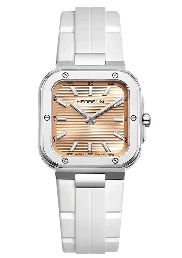 Za estetikou stojí i funkčnost. Hodinky jsou vybaveny přesným quartzovým strojkem, který zaručuje spolehlivost a pohodlí při každodenním nošení. Safírové sklíčko chrání ciferník před poškrábáním a luminiscenční ručky usnadňují čtení času i za šera — ideální řešení jak pro večeři při svíčkách, tak pro aktivní odpoledne na čerstvém vzduchu. Vodotěsnost na úrovni 100 metrů umožňuje nejen procházky po pláži, ale i plavání bez sundání hodinek. Ocelové dýnko připevněné šesti šrouby a robustní motýlkové zapínání integrované do bílého kaučukového řemínku zajišťují bezpečnost a komfort i v dynamických podmínkách. Herbelin zde nedělá kompromisy — tyto hodinky vypadají jako šperk, ale fungují jako špičkový sportovní nástroj.
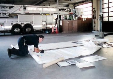 We sat together around a large dining table with coffee, and held conversation. Everyone was anxious to see and sign the banner. It was great to have so much help, as it was a lot of work now spreading out all the sections. It was definitely amazing to see it all laid out. I remembered when it was one section, 41 days and 24 states ago. I was welcome to stay at the FD, and I joined in on the usual fire department past times. It’s here where you can find some of the greatest Chefs, Car Washes, Laundry, and Pranksters!
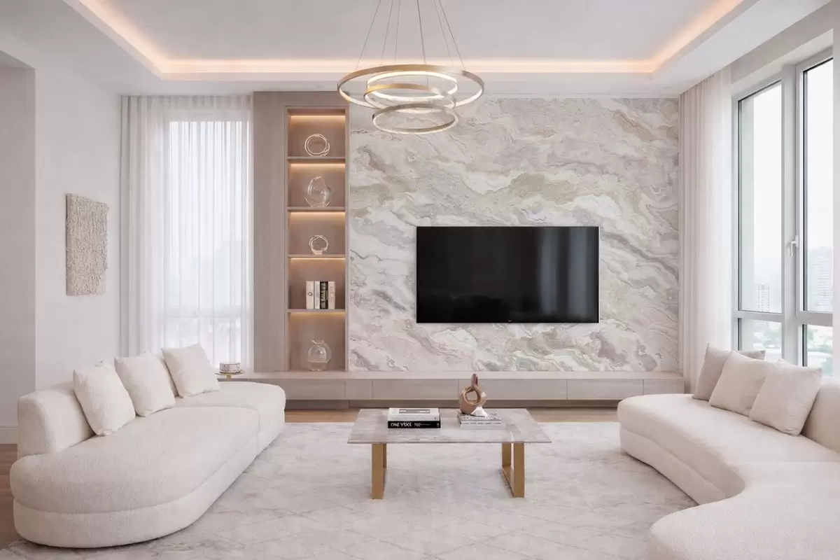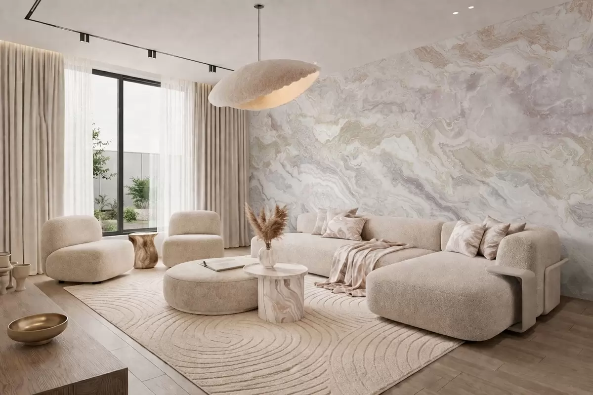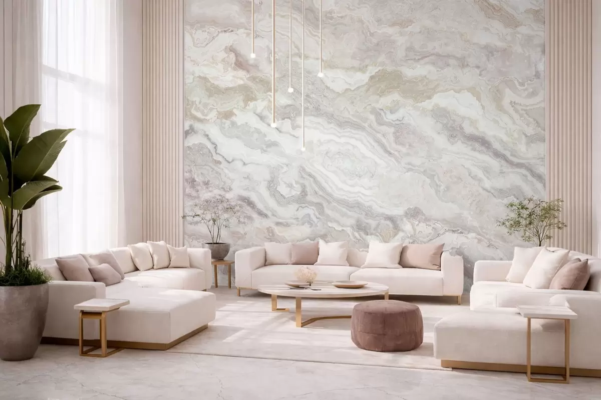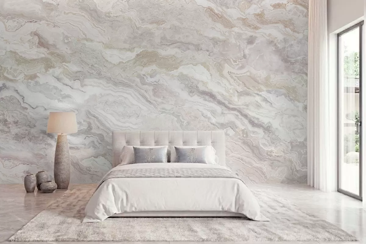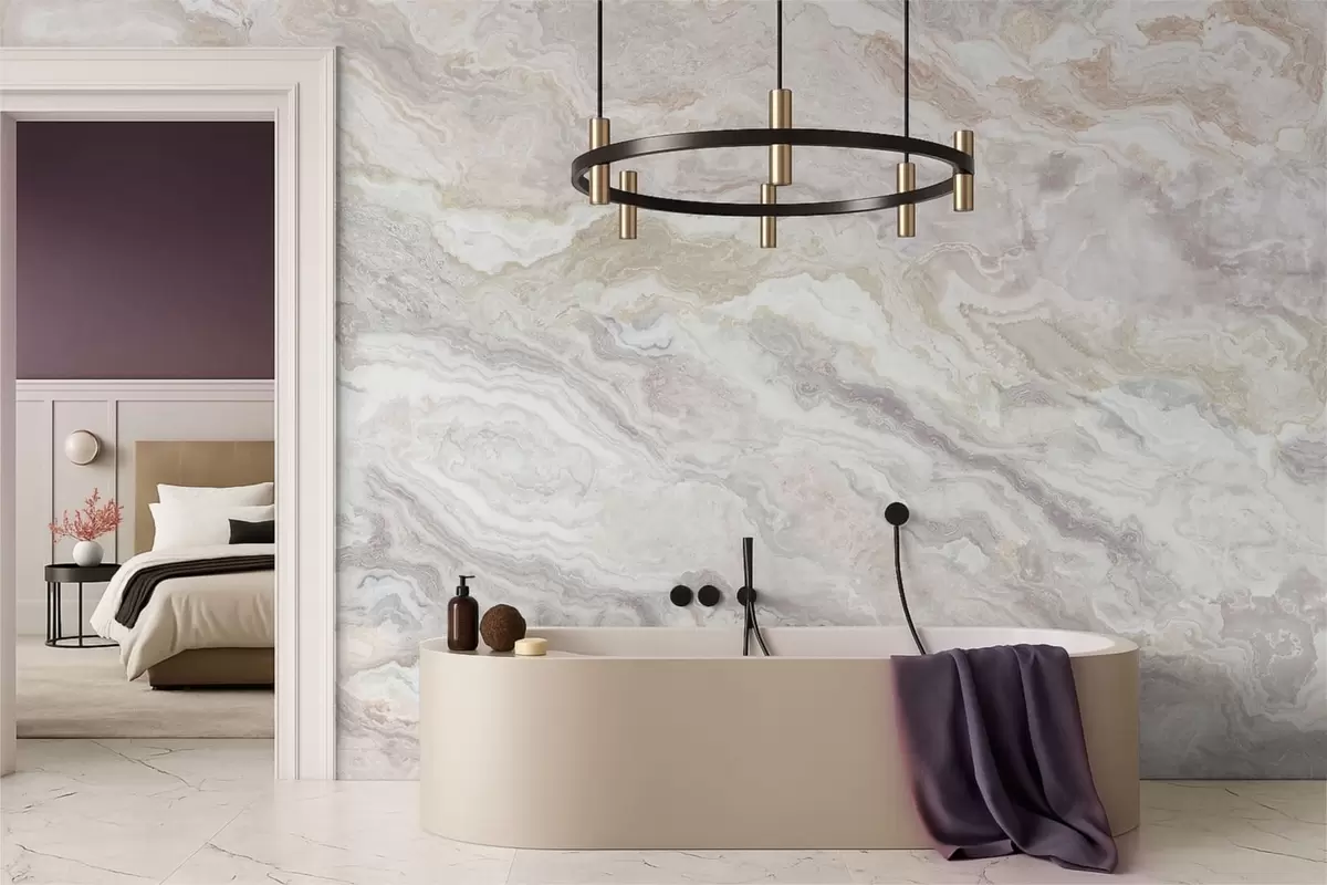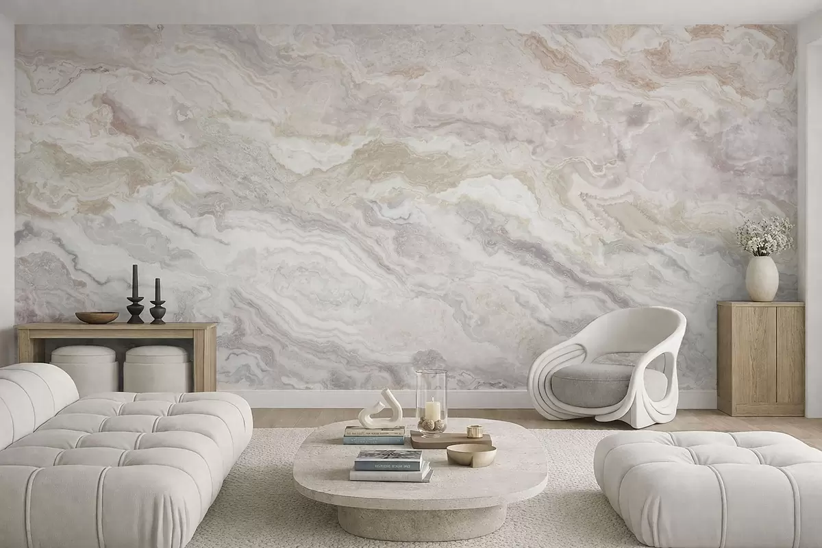 Fototapeten Heller Onyx mit fließenden Schichten in Beige und Grau N° w05430

About this task:
With pictures excluded, the data must be transcribed in full and to the letter.

Task response:
 Za estetikou stojí i funkčnost. Hodinky jsou vybaveny přesným quartzovým strojkem, který zaručuje spolehlivost a pohodlí při každodenním nošení. Safírové sklíčko chrání ciferník před poškrábáním a luminiscenční ručky usnadňují čtení času i za šera — ideální řešení jak pro večeři při svíčkách, tak pro aktivní odpoledne na čerstvém vzduchu. Vodotěsnost na úrovni 100 metrů umožňuje nejen procházky po pláži, ale i plavání bez sundání hodinek. Ocelové dýnko připevněné šesti šrouby a robustní motýlkové zapínání integrované do bílého kaučukového řemínku zajišťují bezpečnost a komfort i v dynamických podmínkách. Herbelin zde nedělá kompromisy — tyto hodinky vypadají jako šperk, ale fungují jako špičkový sportovní nástroj.
 We sat together around a large dining table with coffee, and held conversation. Everyone was anxious to see and sign the banner. It was great to have so much help, as it was a lot of work now spreading out all the sections. It was definitely amazing to see it all laid out. I remembered when it was one section, 41 days and 24 states ago. I was welcome to stay at the FD, and I joined in on the usual fire department past times. It’s here where you can find some of the greatest Chefs, Car Washes, Laundry, and Pranksters!
 Fototapeten Heller Onyx mit fließenden Schichten in Beige und Grau N° w05430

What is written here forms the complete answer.